Нольен положил картины, помедлил.
— Уходи, Нольен, — повторил Джаскен.
— Слушаюсь, — сказал молодой человек и повернулся спиной к Джаскену.
— Ты позволил ему убить меня, Хиб.
Джаскен вздохнул.
— Нет, я пытался его остановить. Но по большому счету — да. Наверно, я мог сделать больше. И, наверно, я мог его убить, после того как он убил тебя. Так что я не лучше его. Можешь меня ненавидеть, если хочешь. Я не претендую на звание порядочного человека, Лед. И потом, есть еще такая вещь, как долг.
— Я знаю. Я думала, что ты испытываешь ко мне что-то в этом роде.
— Но первейший мой долг — перед ним, нравится это нам или нет.
— Потому что он платит тебе, а я всего лишь позволяла тебе трахать меня?

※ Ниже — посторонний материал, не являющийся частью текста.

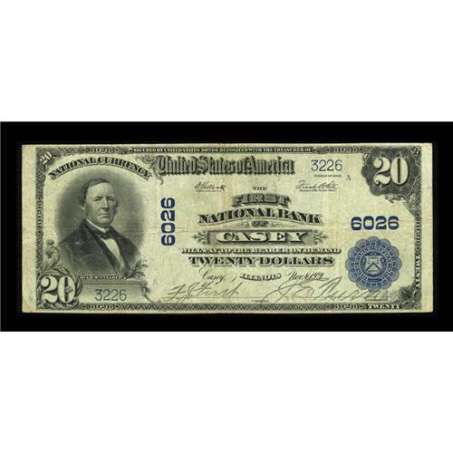 <B>Casey, IL</B></I> - $20 1902 Plain Back Fr. 660 <B>The First NB</B></I> Ch. # 6026<BR>This <B>Fine-Very Fine</B></I> piece from one of three issuers in this Clark County community sports dark signatures. Strong margins add to the overall appearance of this lightly worn piece of which Kelly reports eight large size.<BR><I>From The Lincoln Collection</B></I><BR><BR><b>Shipping:</b> Coins & Currency (<a target="_blank" href="http://www.heritageauctions.com/common/shipping.php">view shipping information</a>)

— Нет. Потому что я связал себя обещанием служить ему. Я никогда не говорил тебе ничего такого, что противоречило бы этому.
— Да, не говорил, верно? — Она улыбнулась ему едва заметной улыбкой. — Наверно, я должна была заметить это. Как это корректно с твоей стороны, хотя при этом ты… тайком пользовался его собственностью. А все эти словечки нежности — как много я для тебя значу, на что мы можем надеяться в будущем. Ты эти свои слова взвешивал потом, обдумывал? Пропускал их через юриста в твоей голове, отыскивал в них нестыковки?
— Что-то в этом роде, — сказал Джаскен, встречаясь с ней взглядом. — У нас не могло быть никакого будущего, Лед. Во всяком случае такого, которое ты себе воображала. Так, перепихнуться несколько раз у него за спиной, чтобы никто не засек, пока одному из нас это не наскучило бы или пока он бы не дознался. Ты была обречена вечно оставаться в его собственности, неужели ты этого никогда не понимала? Мы бы никогда не смогли убежать вдвоем. — Он опустил глаза, потом снова посмотрел на нее. — Или ты хочешь мне сказать, что любила меня? Я всегда думал, что взяла меня в любовники, только чтобы отомстить ему и иметь поддержку, когда надумаешь бежать в следующий раз.
— Что, ни хера у меня не получилось, да? — горько сказала она. — Ты помог ему выследить меня.
— У меня не было выбора. Не обязательно тебе было убегать. Я…
— Правда? Вот, значит, что ты ко мне на самом деле чувствовал.
— Как только ты убегала, я делал то, что требовал от меня долг.
— Значит, это были не слова, а пустышки. — У нее набежали слезы в глаза, но она быстро вытерла обе щеки тыльными сторонами ладоней, размазав слезы по линиям татуировки. — Тем глупее с моей стороны. Потому что я вернулась, не просто чтобы убить Вепперса. Мне нужно было спросить, как… — Она замолчала, проглотила слюну. — Для тебя это ничего не значило?
Джаскен вздохнул.
— Конечно, значило кое-что. Сладость. Мгновения, которые я никогда не забуду. Но эти слова никак не могли значить то, что тебе хотелось.
Она рассмеялась без всякой надежды и веселья.
— Тогда я просто дура, да? — сказала она, встряхнув головой. — Я ведь и в самом деле думала, что ты, может, любишь меня.
На его лице появилась скупейшая из возможных улыбок.
— Почему же — я любил тебя всем сердцем и с самого начала.
Она смерила его взглядом.
Он смотрел на нее, глаза его сверкали.
— Просто дело в том, что одной любви недостаточно, Лед. Не всегда. Не в наше время. А может, и никогда. И никогда рядом с людьми вроде Вепперса.